Oncolytic viruses (OVs) are genetically engineered virus-based tumor-targeted immunotherapies that offer novel and promising therapeutic options for the conventional treatment of patients with gastrointestinal tracts. They can directly lyse cancer cells while preserving healthy cells. Ovs-based immunotherapy can induce tumor regression by killing tumor cells, releasing antigens, and recruiting innate effector cells to the tumor site to elicit an immune response, thus converting “cold” tumors into “hot” tumors and inducing tumor regression.85 Common OVs include adenovirus, herpesvirus, echovirus, and cowpox virus.86

H101 (Oncorine), a human recombinant adenovirus type 5 engineered by removing the gene E1B, is responsible for encoding the anti-apoptotic E1B55K protein that inactivates p53. It was approved for the treatment of advanced nasopharyngeal carcinoma (NPC) in 2005 and was the first OV to receive regulatory approval.87 H101 infection induces downregulation of CD47 in cancer cells which in turn induces phagocytosis of tumor cells by macrophages and activation of CD8+ T cells and may enhance the therapeutic efficacy of PD-1 blockade in cancer.88 A single-arm study of H101 in combination with nivolumab in patients with advanced HCC who had failed prior systemic therapy conducted by Li et al89 found that this combination was potentially efficacious, safe, and well tolerated, with an ORR of 11.1% and a mOS of 15.4 months.
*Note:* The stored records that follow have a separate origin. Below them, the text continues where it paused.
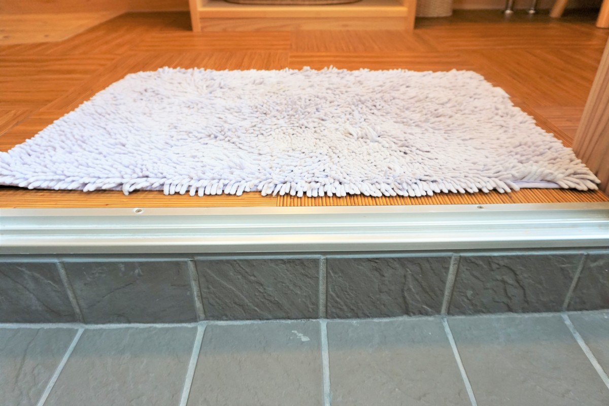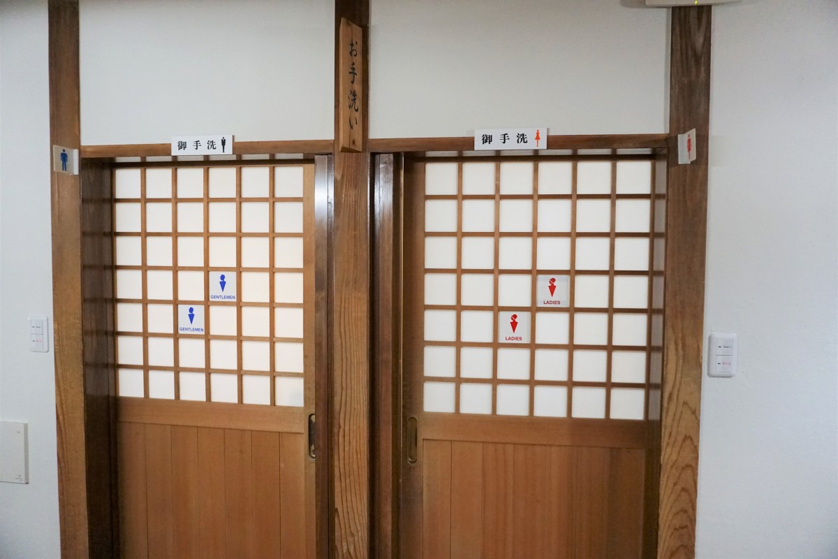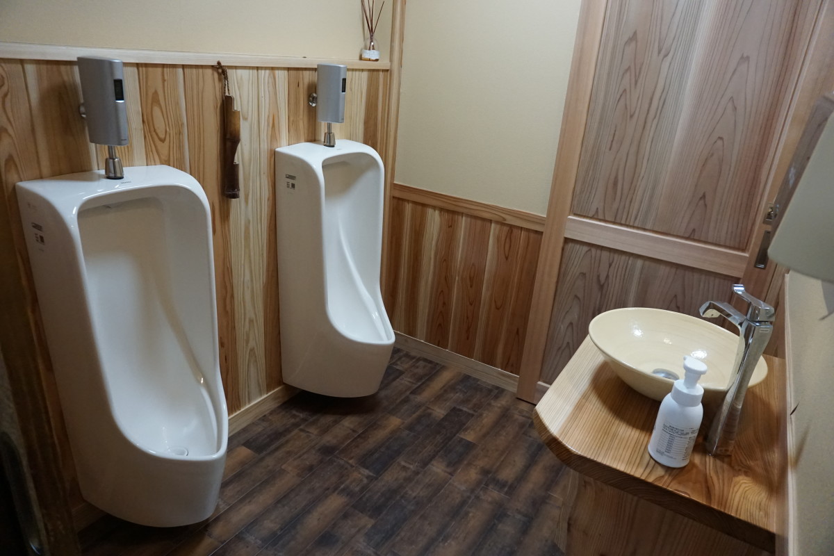 男性トイレの入り口は下がる段差あり
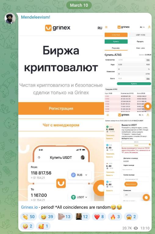 此外,Garantex创始人Sergey Mendeleev也在同一天被制裁,并在Garantex停止后立即在自己的社交媒体上宣传Grinex,并开玩笑说"所有巧合都是偶然的"。
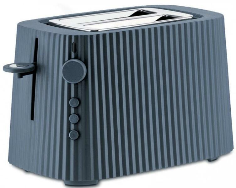 Design kenyérpirító Plissé az olasz iparművészet mestereitől Alessi . Az ötletes plissé kivitel, amely egy rakott szoknyára emlékeztet, váratlanul friss megjelenést kölcsönöz a készülékeknek. A kenyérpirító nyílásai és teljes belseje minőségi rozsdamentes acélból készült. A külső borítás kiváló minőségű hőre lágyuló gyantából készült. A kényelmesebb
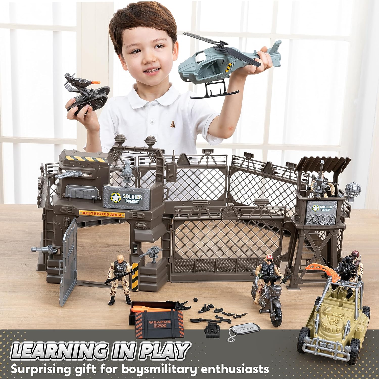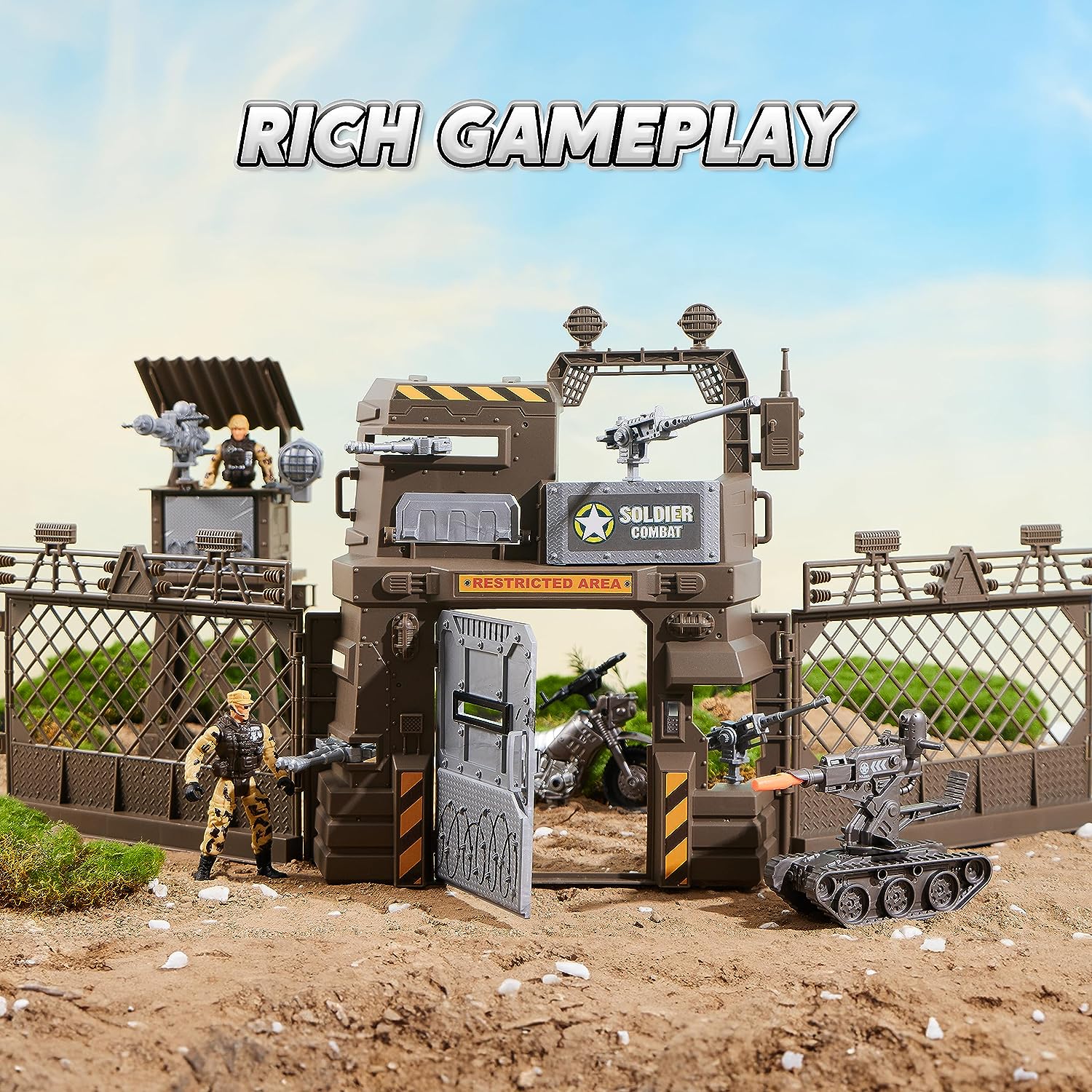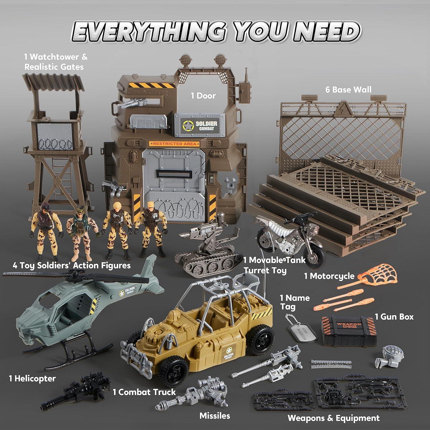 - Nuestro juego completo de juguetes de base militar incluye 1 puerta, 1 torre de vigilancia y puertas realistas, 1 helicóptero, 1 camión de combate, 1 juguete de torreta de tanque móvil, 1 motocicleta, 4 figuras de acción de soldados de juguete, misiles y red en 1 caja de armas, varias armas y equipo, 1 etiqueta de nombre.
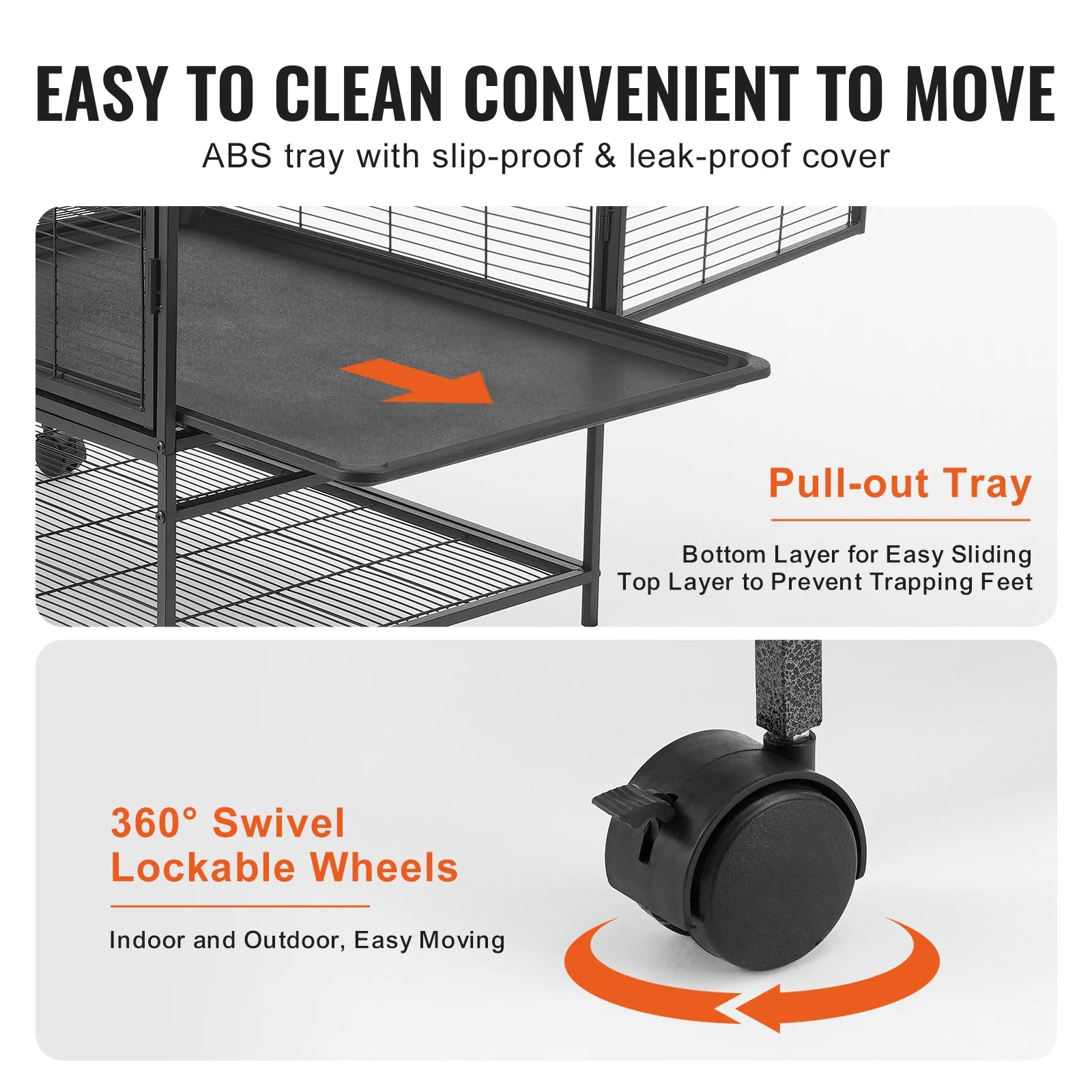 - Lockable wheels and two entry doors—plus a top window—make feeding, handling, and moving the cage indoors or outdoors effortless.

The combination is also more suitable for patients with low AFP levels. Another oncolytic adenovirus, LOAd703, harbors a transgene encoding TMZ-CD40L and 4–1BBL. It infects neighboring immune and stromal cells to induce CD40L and 4–1BBL expression.90 The results of a non-randomized, single-center phase I/II group 1 study performed by Musher B L et al91 demonstrated that LOAd703 combined with albumin conjugated paclitaxel and gemcitabine for the treatment of patients with advanced pancreatic ductal adenocarcinoma was feasible and safe, with the majority of adverse events being grade 1–2, and the maximum tolerated dose was never reached. The proportion of CD8 effector memory cells and adenovirus-specific T cells increased after LOAd703 injection in 15 of 16 patients for whom T-cell assays were available. Among 18 patients for whom activity could be assessed, eight (44%) achieved an objective response. An additional sub-study group 2 is ongoing (NCT02705196).
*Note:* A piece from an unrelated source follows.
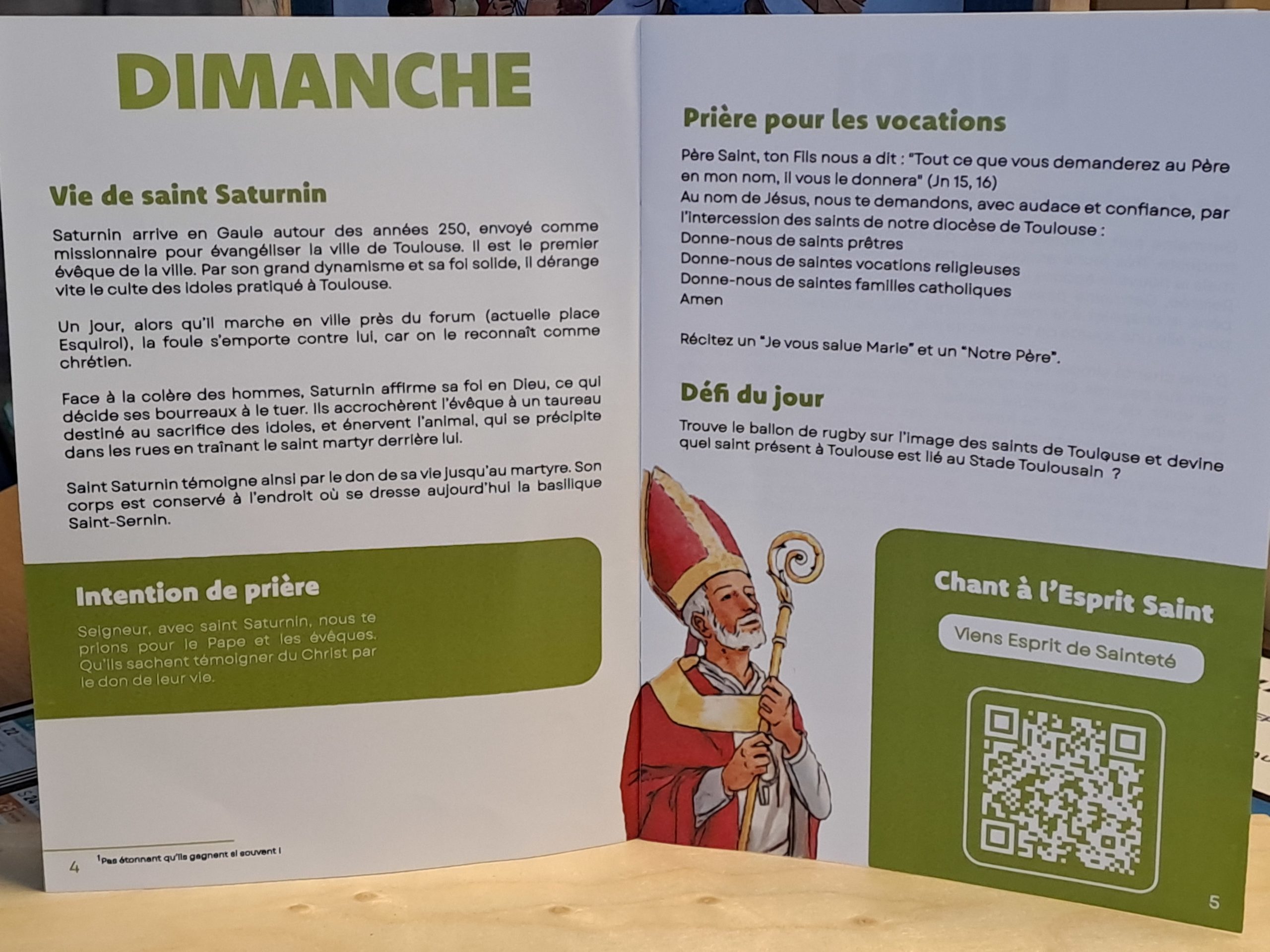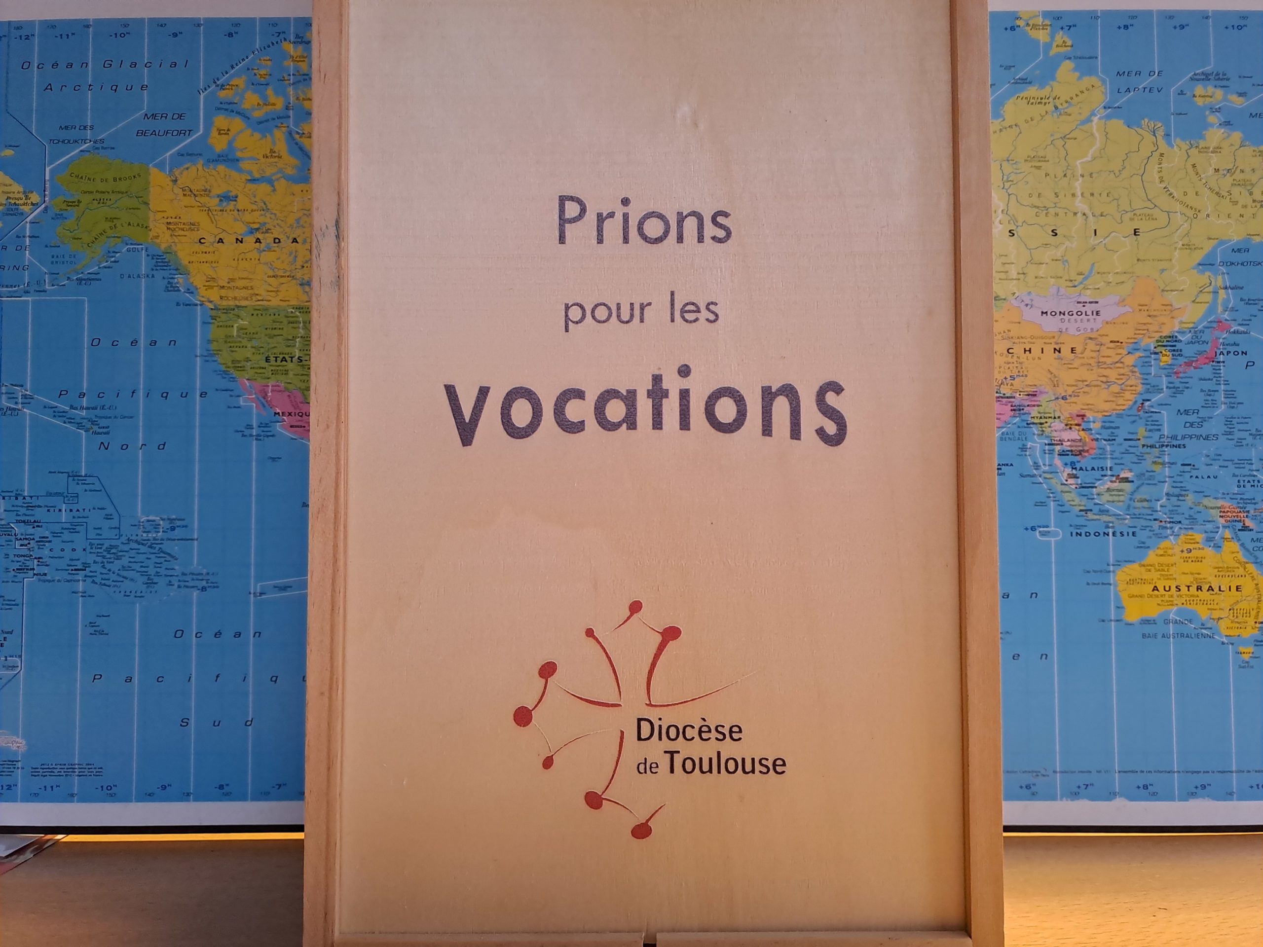 Dans une boîte en bois vous trouverez un livret pour prier pour les vocations pendant une semaine avec un saint différent chaque jour. Toute la marche à suivre est inscrite dans le livret.

OH2 was developed by genetically modifying the HG52 strain of herpes simplex virus type 2, enabling the virus to selectively replicate in tumors. OH2 therapy effectively activates systemic immunity and induces a sustained anti-tumor immune response. A major effect of OH2 on systemic immunity was the promotion of Ccl5 production, which correlated with clinical response.92 A phase I/II study of OH2, either as a single agent or in combination with the anti-PD-1 antibody HX008, for the treatment of advanced solid tumors yielded safe results.93 Encouraging anti-tumor activity was observed in patients with metastatic rectal and esophageal cancers, with durations of response (DOR) of 11.25+ and 14.03+ months for the two responders treated with single-agent OH2 and DOR of 1.38+ and 2.56+ months for the two responders in the combination cohort. OH2 is anticipated to be evaluated in more gastrointestinal tumor samples in the future for its benefits.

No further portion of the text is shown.